For Google at least, in the regulatory realm, call it a case of adding insult to the inquiry. There was a bit of pun, but the Federal Trade Commision or FTC, in the wake of the $5 billion fine via the European Union, centered on the Android operating system, as well as antivirus violations, looks at the matter, as well. Last week, as it has been noted, the chairman of FTC, named Joseph Simons, said to U.S. lawmakers that he had spoken to the European Commissioner for Competition, named Margrethe Vestager, about the penalty, and he stated that they are going to read what the EU put out very carefully. He also noted that regulators are is going to be directed at both Google and Apple and that their respective weights in the smartphone industry.
As it was widely reported, the fine came after a ruling that the tech juggernaut abused its dominance via Android, which has been found on more than 80% of the smartphones in the world. The company used and still uses different methods through which it promotes its own search engines and mobile applications. Google said that the tactics, like not charging for the OS installation on those devices, are actually going to help competition, and an end result is lower prices for the end consumer.
The lending rates in crosshairs in China
The headlines have been dominated by trade wars, with the U.S. and China being the focus.
Of course, economics is an internal event, and also an external one, which crosses the borders via trade, in China, for instance, the regulators want to boost small business lending. Earlier in July 2018, those same lenders prodded banks to cut rates significantly for some small businesses beginning in the current quarter.
As it was noted by Reuters, the move is one which seeks to offset some of the effects of the above-mentioned trade war, that could actually include a slowdown of overall economic growth.

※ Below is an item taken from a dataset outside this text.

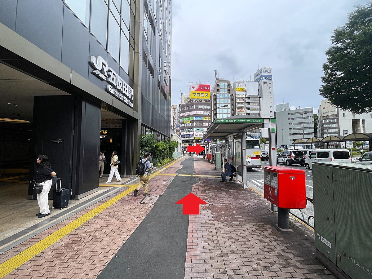 スゴイサウナ五反田駅前店さんへは、JR五反田駅東口を出たらそのまま左手方向に進み、その先一つ目の交差点を渡ったところで右折。
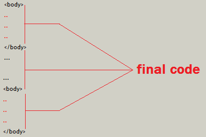 1. search for <body> and replace all the codes between two <body> tags with the final code in the 3rd step. Do it for all <body> tags. See the snap.

Some smaller businesses on both the sides could see a disproportionate impact, and China Banking and Insurance Regulatory Commission (CBIRC) took on the initiative through a non-public notice. The rates were also non-public, but monetary policy reports have pegged the price at lower than 6% in the first quarter of 2018. Lending to some smaller firms stood at one-third of lending balances as of 2017.
Once again, cryptos will get some examination
Within some regulatory discussions, cryptocurrencies are also mentioned. To that end, the regulators are eying the creation of a framework which is going to focus on risk which is tied to cryptocurrencies. As Reuters has noted, the FSB or Financial Stability Board issued a report which cites a ripple impact of sorts which could spread beyond cryptocurrencies.

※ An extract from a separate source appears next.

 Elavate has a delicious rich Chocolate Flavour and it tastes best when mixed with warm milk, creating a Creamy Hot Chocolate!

The FSB said that regulators are monitoring the size, as well as the growth of crypto-asset markets is critical for understanding the potential scope of wealth effects, should valuations fall. The use of leverage, as well as financial institution exposures to the crypto-asset markets, is critical metrics of transmission of crypto-asset risks to the broader financial system.

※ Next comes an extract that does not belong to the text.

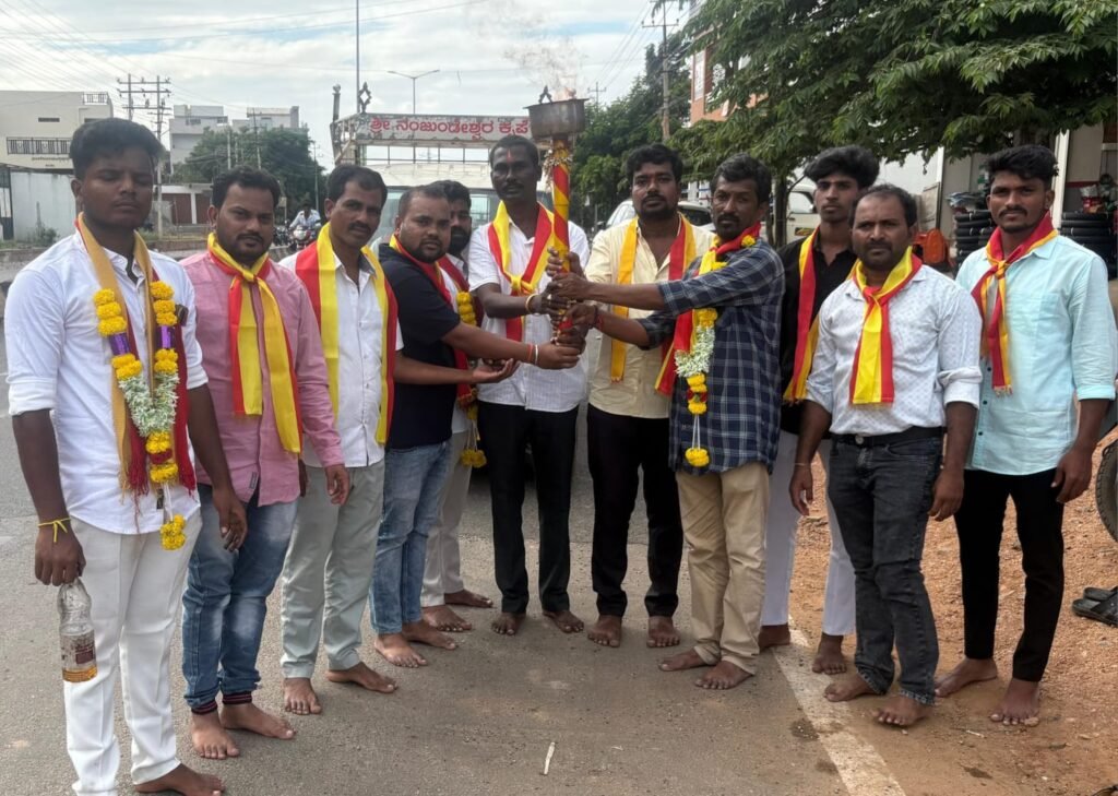 ತಾಯಿ ಭುವನೇಶ್ವರಿ ಜ್ಯೋತಿ ಸ್ವಾಗತಿಸಿದ ತಾಲೂಕು ಅಧ್ಯಕ್ಷ ಸಿ.ಡಿ.ರಾಜಶೇಖರ..

That statement actually came after the ruling from the authority within the U.S. Securities and Exchange Commission or SEC regulators from last month, which stated that cryptos are indeed securities. As they are securities, the cryptos would be bound to the oversight and other securities laws of SEC.
CFPB pick faces scrutiny on the hill
The reshaping of CFPB or Consumer Financial Protection Bureau, a bit closer to home, continues via the Trump Administration. Kathy Kraninger, who is the nominated person to lead the bureau, faces some questioning from the panel of Democratic Senators. The group touched on a host of problems, but also focused on the experience that Kraninger had which would be relevant to leading the CFBP.
According to some news outlets, Kraninger seems on track to be confirmed as early as this month. As the newswire quoted Isaac Boltansky, who is actually the director of policy research at the Washington D.C. firm Compass Point Research & Trading, he said that they believe the odds of Ms. Kraninger securing confirmation has increased, given her avoidance of debilitating, but her testimony is still not sure.
One point of contention dovetailed with questioning which tied into immigration policy. Kraninger also stated that she had no role in shaping that kind of policy, which had separated thousands of children from their parents. However, she reported that she had attended some meetings on implementing that mandate, which in turn led Senator Elizabeth Warren to claim Kraninger had a “moral stain” on her character.
Besides everything, they charged that the nominee does not have the experience to lead the bureau. Also, supporters stated that her time with the White House Office of Management and Budget, where she actually worked with now acting CFPB head Mick Mulvaney, does indeed qualify her for the role.